Connaissez-vous Suzanne Noël ? Nous aurons peut-être des réponses à toutes ces questions en nous penchant sur son cas. En 2018, on a honoré partout celle qui est à la fois une chirurgienne hors pair, capable de  réparer les gueules cassées de la première guerre mondiale, et la fondatrice d’un club féminin interprofessionnel, apolitique et aconfessionnel défendant le droit des femmes à exercer toute profession – Soroptimist. Comment ne pas approuver une entreprise de ce genre ? Créer ce club fut pour elle le moyen de prolonger son combat personnel et de faire évoluer les mentalités. Que trouver à redire ? Franchement rien – mais c’était hier… On était dans les années 50… Faut-il aujourd’hui encore être entre femmes pour défendre la cause des femmes ?

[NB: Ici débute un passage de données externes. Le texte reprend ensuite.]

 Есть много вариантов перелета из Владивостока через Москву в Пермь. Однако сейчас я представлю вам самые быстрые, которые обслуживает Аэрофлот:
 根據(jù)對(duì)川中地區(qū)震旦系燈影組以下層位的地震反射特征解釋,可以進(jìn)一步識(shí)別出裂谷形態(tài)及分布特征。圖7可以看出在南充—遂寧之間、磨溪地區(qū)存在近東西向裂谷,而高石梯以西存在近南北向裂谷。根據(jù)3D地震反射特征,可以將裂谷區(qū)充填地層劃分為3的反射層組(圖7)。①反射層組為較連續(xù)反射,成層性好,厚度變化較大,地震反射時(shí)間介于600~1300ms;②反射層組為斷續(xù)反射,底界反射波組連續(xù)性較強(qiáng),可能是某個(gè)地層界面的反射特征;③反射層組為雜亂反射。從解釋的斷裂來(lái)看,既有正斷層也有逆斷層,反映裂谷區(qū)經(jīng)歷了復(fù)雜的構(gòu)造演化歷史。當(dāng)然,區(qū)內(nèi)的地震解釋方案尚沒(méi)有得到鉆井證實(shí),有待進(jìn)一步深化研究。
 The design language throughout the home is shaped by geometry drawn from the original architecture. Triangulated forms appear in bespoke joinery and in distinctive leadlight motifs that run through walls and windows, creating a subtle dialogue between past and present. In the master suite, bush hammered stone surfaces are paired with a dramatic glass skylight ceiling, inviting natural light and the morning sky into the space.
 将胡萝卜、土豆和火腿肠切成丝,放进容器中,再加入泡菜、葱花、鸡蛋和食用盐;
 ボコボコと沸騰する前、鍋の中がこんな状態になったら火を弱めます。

Certes, que ce soit dans un groupe mixte ou féminin, on ne peut, à l’instar de Suzanne Noël, qu’inciter les femmes à propager leurs actions au-delà de leur entourage professionnel. On ne peut que les pousser à sortir de leurs tâches quotidiennes, à se rendre visible, à faire porter leur voix, à démultiplier leur influence, à avoir confiance en la rencontre, à ouvrir leur horizon relationnel et à faire vivre d’autres facettes d’elle-même grâce à un club, une association ou un réseau. Les recherches en psychologie ont confirmé l’effet bénéfique et protecteur du groupe, pour les femmes, les hommes, comme d’ailleurs pour les enfants : favoriser l’appartenance à différents groupes – que ce soit du rugby, du dessin, du codage informatique, de la poterie, du violon ou une association caritative… – leur permet de montrer au monde une autre facette d’eux-mêmes, de les libérer du regard parfois catégorique de leur professeur et de préserver leur estime de soi. Peu importe en fait la nature de ces regroupements, appartenir à un collectif auquel on tient favorise le développement des potentialités, l’évolution professionnelle et protège de la solitude et de la dépression.

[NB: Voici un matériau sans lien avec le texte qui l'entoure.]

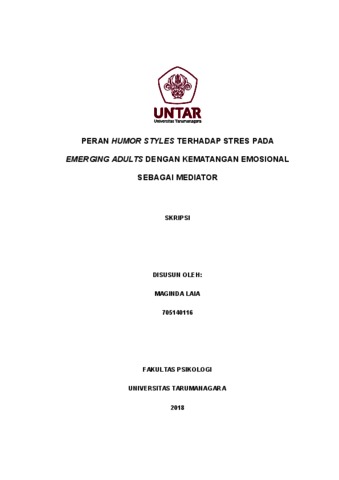 Laia, Maginda (2022) Peran Humor Styles terhadap Stres pada Emerging Adults dengan Kematangan Emosional sebagai Mediator. Skripsi thesis, Universitas Tarumanagara.
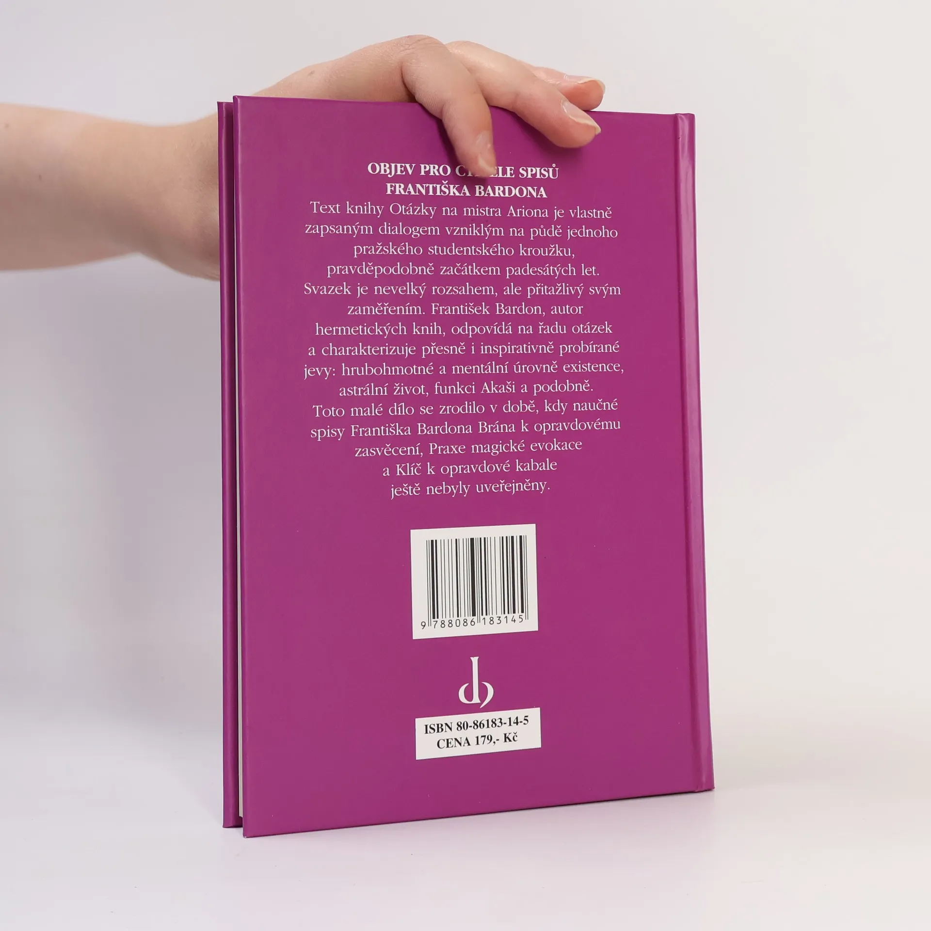 Text knihy Otázky na mistra Ariona je vlastně zapsaným dialogem vzniklým na půdě jednoho pražského studentského kroužku, pravděpodobně začátkem padesátých let. Svazek je nevelký rozsahem, ale je přitažlivý svým zaměřením. František Bardon, autor hermetických knih, odpovídá na řadu otázek a charakterizuje přesně i inspirativně probírané jevy: hrubohmotné a mentální úrovně existence, astrální život, funkci Akaši a podobně. Toto malé dílo se zrodilo v době, kdy naučné spisy Františka Bardona 'Brána k opravdovému zasvěcení', 'Praxe magické evokace' a 'Klíč k opravdové kabala' ještě nebyly uvěřejněny.

Mettons donc définitivement au placard les excuses des années 2000 : on est exclue des old boy’s networks influents historiquement, on manque de temps lié aux responsabilités familiales, on manque de crédibilité, d’information, le coût financier est trop important et la distance géographique trop grande (Blisson et Rana, 2001 ; Hamouda et al., 2003). Et développons grâce à un réseau, une association ou un club, des dimensions de soi qui ont été probablement enterrées par le rouleau compresseur du quotidien.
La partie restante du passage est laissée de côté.